→ **Requirement**
Exactly the lines from the start of the data below through the line that contains "Українська Правда повідомляє" are to be copied, with pictures left out.

→ **Raw data**
------------
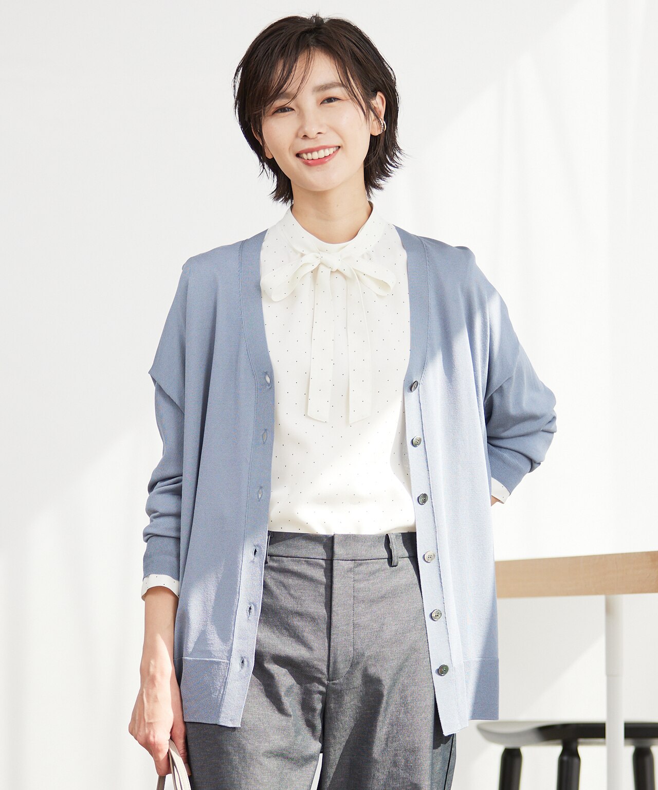 【洗える】 シルキーレーヨンストレッチ Vネック カーディガン
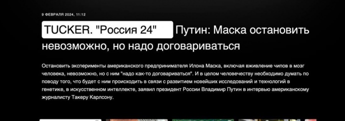 Українська Правда повідомляє про те, що американський журналіст і колишній ведучий Fox News Такер Карлсон, який у лютому 2024 року взяв інтерв’ю в Путіна, уже тривалий час представлений у російському телеефірі. У матеріалі зазначено, що його шоу транслюється на телеканалі «Россия 24» не з 2024 року, як раніше помилково повідомлялося, а з вересня 2023 року.
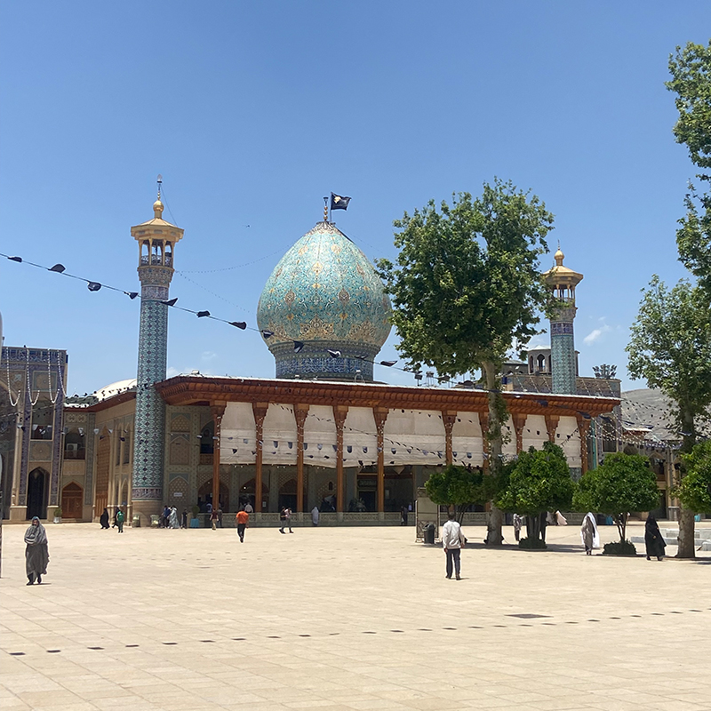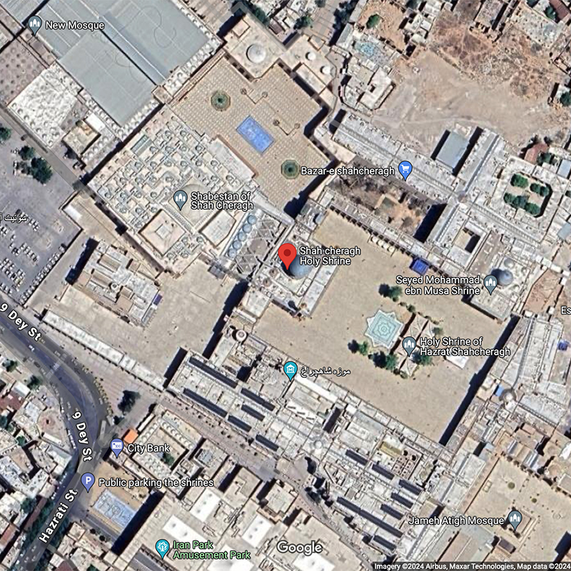 Shah Cheragh, located in the heart of Shiraz (map), is one of the most significant pilgrimage sites in Iran. The origin of the name ‘Shah Cheragh’ (King of the Light) is attributed to the discovery of a radiant tomb in the early twelfth century. According to tradition, the tomb belonged to Ahmad ibn Musa (d. ca. 819), the brother of Emam Reza and Fatemeh Maʿsumeh and son of Emam Musa Kazem. Ahmad ibn Musa is believed to have been killed by Abbasid soldiers while en route from Medina to Khorasan, and after his martyrdom in the early ninth century, his burial site remained hidden for more than a century.
------------
→ **Answer to this task**
 【洗える】 シルキーレーヨンストレッチ Vネック カーディガン
 Українська Правда повідомляє про те, що американський журналіст і колишній ведучий Fox News Такер Карлсон, який у лютому 2024 року взяв інтерв’ю в Путіна, уже тривалий час представлений у російському телеефірі. У матеріалі зазначено, що його шоу транслюється на телеканалі «Россия 24» не з 2024 року, як раніше помилково повідомлялося, а з вересня 2023 року.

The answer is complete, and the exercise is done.